> _Activity_
What you return should be the complete data below, word for word, with no pictures in it.
----- Information shown -----
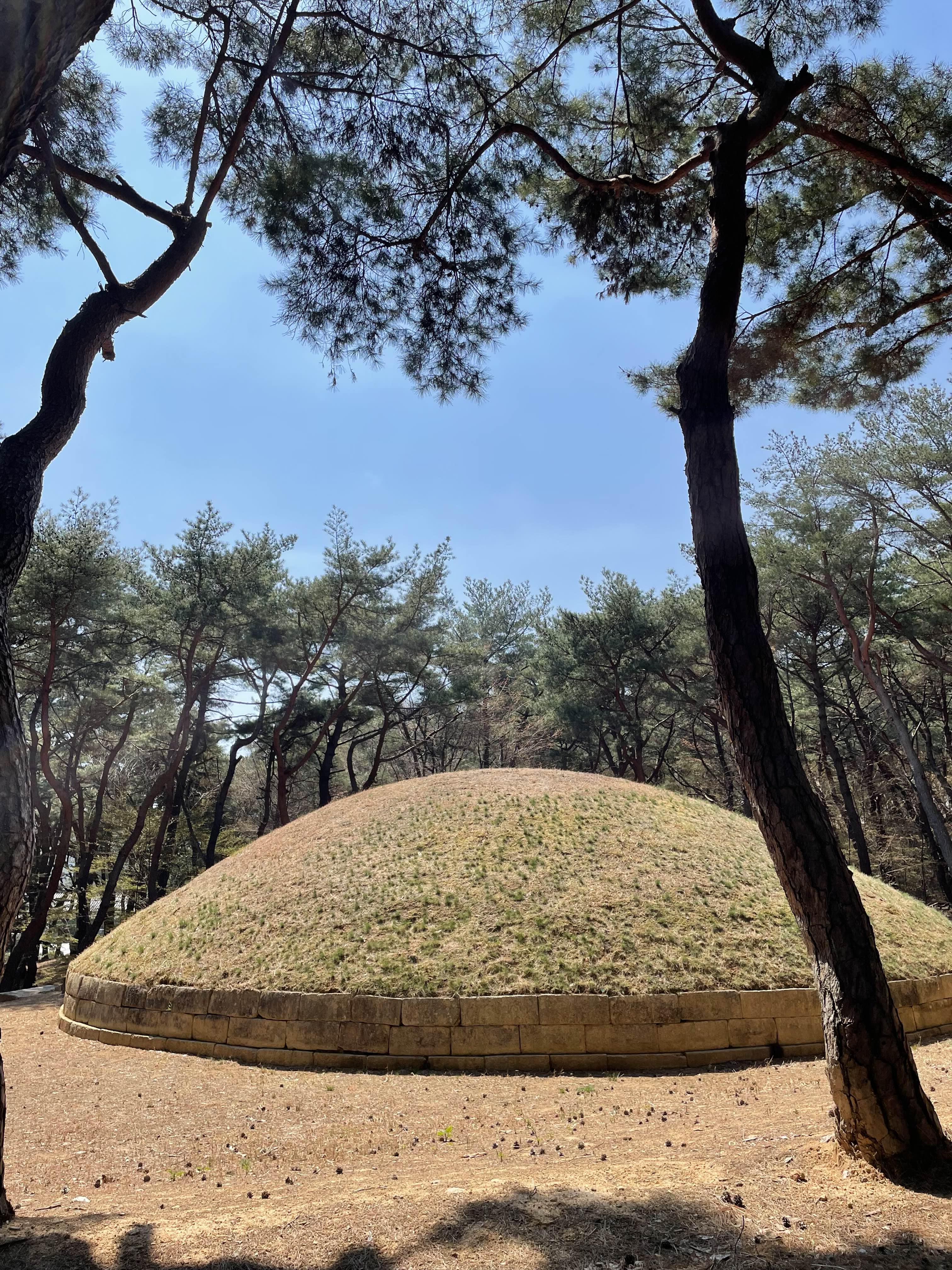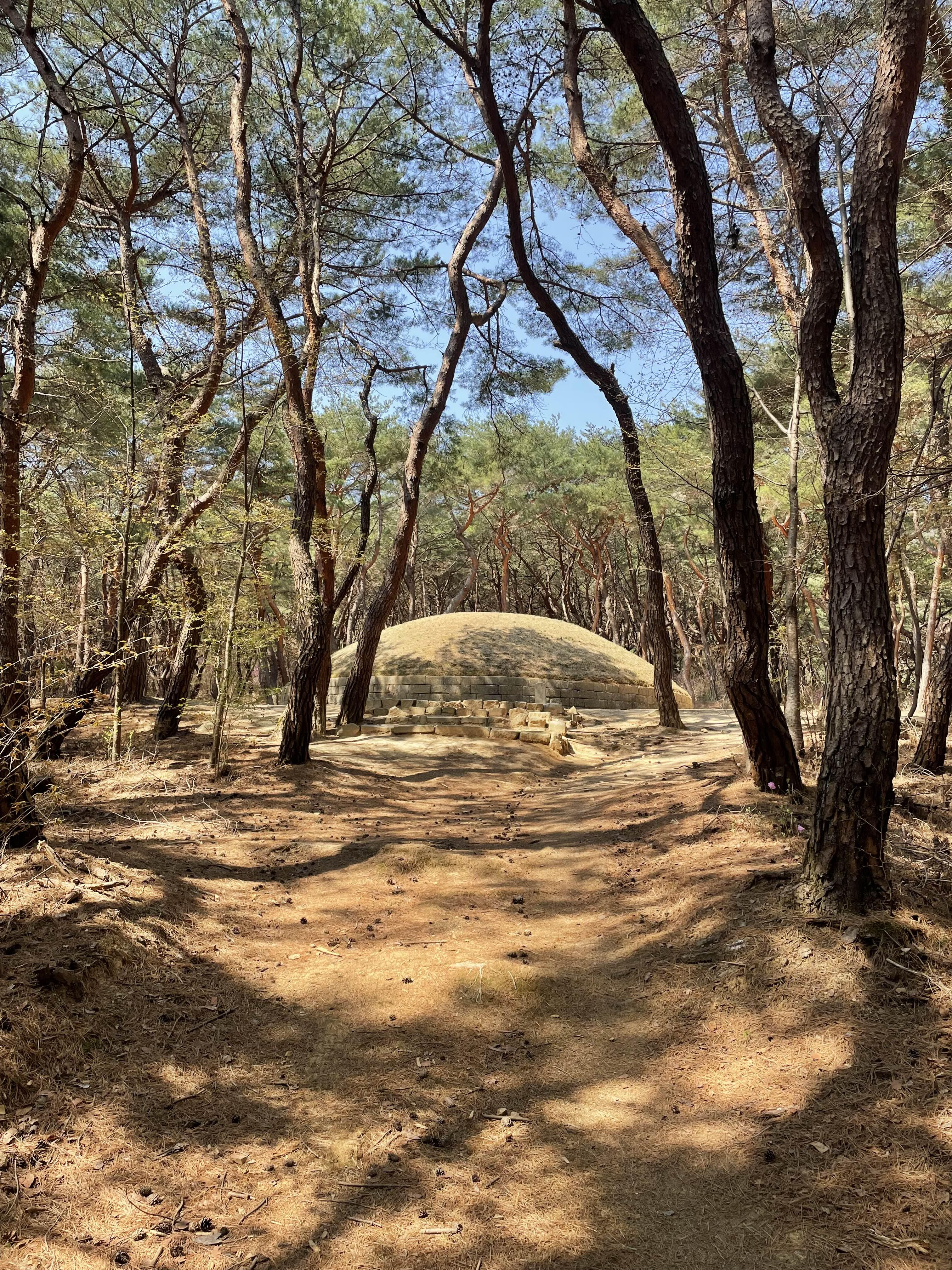 왕릉 뒤편을 보니 소나무 사이사이로 연분홍 진달래가 피어 있었습니다.
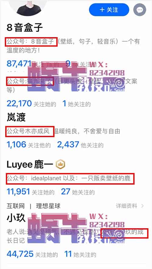 我找了5个在知乎上推广壁纸的账号,他们公众号首条阅读量少则几百,多则几千,名字分别为:8音盒子、猫九来了、木亦成风、一只贩卖壁纸的鹿和小玖的成长日记。
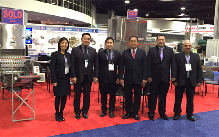 | A equipe da Yamasa em Atlanta: Elisabeth Yamasaki, Nelson Yamasaki Júnior, Alberto Yamasaki, Nelson Yamasaki - presidente da empresa, Manoel Fernandes e Daniel Filacio |
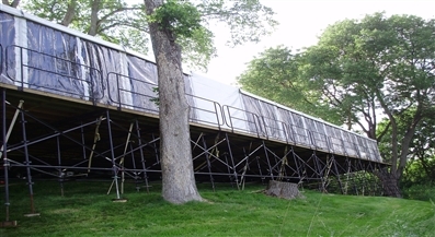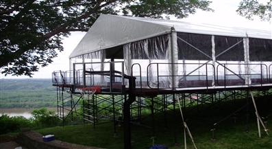 All Occasions’ Raised Laser Leveled floor system is a great way to gain usable event space if your site is not level. Our floor system can be installed on grade changes up to 15′. We can install this floor system over fountains, pools, around trees, and over landscaping. It is available with ramps, stairs and railings. Carpet and turf are available in a variety of colors and styles to match your event decor. A site survey is required to receive pricing for this floor system.
-----
> _Solved exercise_
 왕릉 뒤편을 보니 소나무 사이사이로 연분홍 진달래가 피어 있었습니다.
 我找了5个在知乎上推广壁纸的账号,他们公众号首条阅读量少则几百,多则几千,名字分别为:8音盒子、猫九来了、木亦成风、一只贩卖壁纸的鹿和小玖的成长日记。
 | A equipe da Yamasa em Atlanta: Elisabeth Yamasaki, Nelson Yamasaki Júnior, Alberto Yamasaki, Nelson Yamasaki - presidente da empresa, Manoel Fernandes e Daniel Filacio |
 All Occasions’ Raised Laser Leveled floor system is a great way to gain usable event space if your site is not level. Our floor system can be installed on grade changes up to 15′. We can install this floor system over fountains, pools, around trees, and over landscaping. It is available with ramps, stairs and railings. Carpet and turf are available in a variety of colors and styles to match your event decor. A site survey is required to receive pricing for this floor system.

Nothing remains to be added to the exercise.